Let's break down Perry's carrot consumption day by day.
- Day 1: Perry starts with 20 carrots.
- Day 2: He eats half of the 20 carrots, so he eats 10 and has \(20 - 10 = 10\) left.
- Day 3: He eats half of the 10 carrots, so he eats 5 and has \(10 - 5 = 5\) left.
- Day 4: He eats half of the 5 carrots, so he eats 2.5 (in practical terms, this means he might end up with 2 or 3, but we can use decimals for the formula) and has \(5 - 2.5 = 2.5\) left.
- Day 5: He eats half of 2.5, which is 1.25, and has \(2.5 - 1.25 = 1.25\) left.
- Continuing this process, we see that each day he eats half of what is remaining.

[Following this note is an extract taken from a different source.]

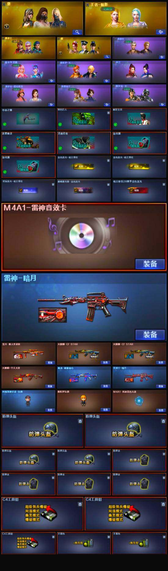 【英雄级武器】:M200-竞技荣光,柯尔特-竞技荣光,擎天-竞技荣光*2,高爆手雷-竞技荣光*6,烟雾弹-竞技荣光*5,闪光弹-竞技荣光*5,斩神刀-雷暴,荣耀世冠-柯尔特,QBZ03-金色蔷薇,Scar Light-白虎,HK417-朱雀,无影-神兵利器,M4A1-雷神,M4A1-黑龙,M4A1-黑骑士*5,M4A1-死神,RPK-盘龙*3,加特林-炼狱,汤姆逊-烈龙*6,AK47-无影,AK47-火麒麟,AN94-超新星,AWM-天龙,Barrett-毁灭*2,Barrett-极光,AA-12-雷霆,Kar98K-星神,Barrett-朱雀,M4A1-赤狱骑士,沙鹰-天神,沙鹰-修罗*5,麒麟刺,擎天,龙啸*2,屠龙

To express this mathematically, we can define a sequence where the number of carrots left on day \(n\) can be represented with the following formula:
- Let \(C(n)\) be the number of carrots left on day \(n\).
- The initial count on day 1 (when \( n = 1 \)) is \(C(1) = 20\).
- Each subsequent day, the number of carrots left is half of what was left the previous day: \[ C(n) = \frac{C(n-1)}{2} \]
Using this recursive definition, we can express the number of carrots on any given day \(n\): \[ C(n) = 20 \times \left(\frac{1}{2}\right)^{n-1} \]
This formula shows that the number of carrots left on day \(n\) is equal to the initial number of carrots (20) multiplied by \(\frac{1}{2}\) raised to the power of \(n-1\).
Thus, the complete sequence formula describing the number of carrots Perry will have on any given day \(n\) is: \[ C(n) = 20 \times \left(\frac{1}{2}\right)^{n-1} \]